8. Il ressort des termes mêmes de ces dispositions que l’autorité compétente doit, pour décider de prononcer à l’encontre de l’étranger soumis à l’obligation de quitter le territoire français, une interdiction de retour et en fixer la durée, tenir compte, dans le respect des principes constitutionnels, des principes généraux du droit et des règles résultant des engagements internationaux de la France, des quatre critères qu’elles énumèrent, sans pouvoir se limiter à ne prendre en compte que l’un ou plusieurs d’entre eux.
9. Après avoir relevé dans l’arrêté en cause que l’intéressé est arrivé en France en juillet 2019 muni d’un visa touristique d’un mois, qu’il s’est maintenu depuis lors sur le territoire français en situation irrégulière sans effectuer aucune démarche afin de régulariser sa situation administrative et démuni de tout document d’identité et de voyage valide, qu’il a lui-même déclaré ne pas vouloir retourner au Vietnam, qu’il ne justifie pas de liens particuliers en France et qu’il ne justifie d’aucune circonstance humanitaire particulière, le préfet de l’Hérault a estimé qu’au vu de ces éléments et de la nature et l’ancienneté de ses liens avec la France, une interdiction de retour d’un an ne portait pas une atteinte disproportionnée à son droit au respect de sa vie privée et familiale.

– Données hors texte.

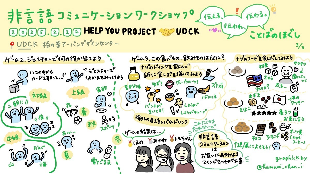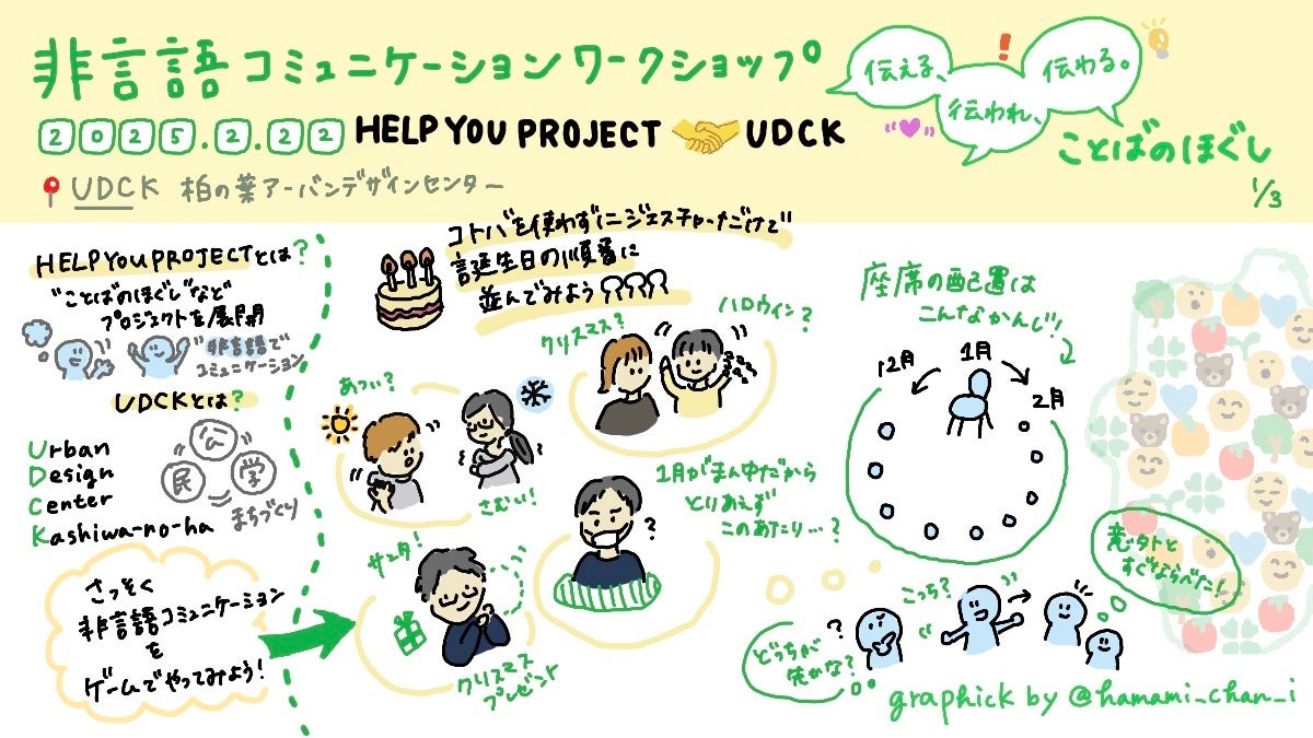 ヘルプユープロジェクト(代表:古山正裕)は“言語の壁を非言語で越える”ことをミッションに活動するプロジェクト集団です。医療の指さし会話帳『HELP YOU』や外国人にもやさしい医療機関検索アプリ『みっけ』、非言語コミュニケーションワークショップ『ことばのほぐし』など共創プロジェクトを進めています。代表含め構成員は会社員やフリーランスで働きながら活動に参画しています。新潟で生まれたプロジェクトが、現在は千葉県柏市に拠点を構えて活動しています。

La décision attaquée, qui est ainsi suffisamment motivée au regard des exigences posées au point précédent, n’est au regard des éléments mentionnés au présent point et au point 6 pas entachée d’une erreur d’appréciation.
10. Il résulte de tout ce qui précède que la requête d’appel de M. A est manifestement dépourvue de fondement. Dès lors, ses conclusions présentées à fin d’annulation et d’injonction sous astreinte peuvent être rejetées en application du dernier alinéa de l’article R. 222-1 du code de justice administrative. Il en va de même, par voie de conséquence, des conclusions tendant à l’application des dispositions de l’article L. 761-1 du code de justice administrative et du deuxième alinéa de l’article 37 de la loi du 10 juillet 1991.
O R D O N N E :
Article 1er : La requête M. A est rejetée.
Article 2 : La présente ordonnance sera notifiée à M. B A, à Me Chreifa Badji Ouali et au ministre de l’intérieur.
Copie en sera adressée au préfet de l’Hérault.
Fait à Toulouse, le 21 janvier 2025.
Le président,
signé
J.-F. MOUTTE
La République mande et ordonne au ministre de l’intérieur en ce qui le concerne ou à tous commissaires de justice à ce requis en ce qui concerne les voies de droit commun contre les parties privées, de pourvoir à l’exécution de la présente ordonnance.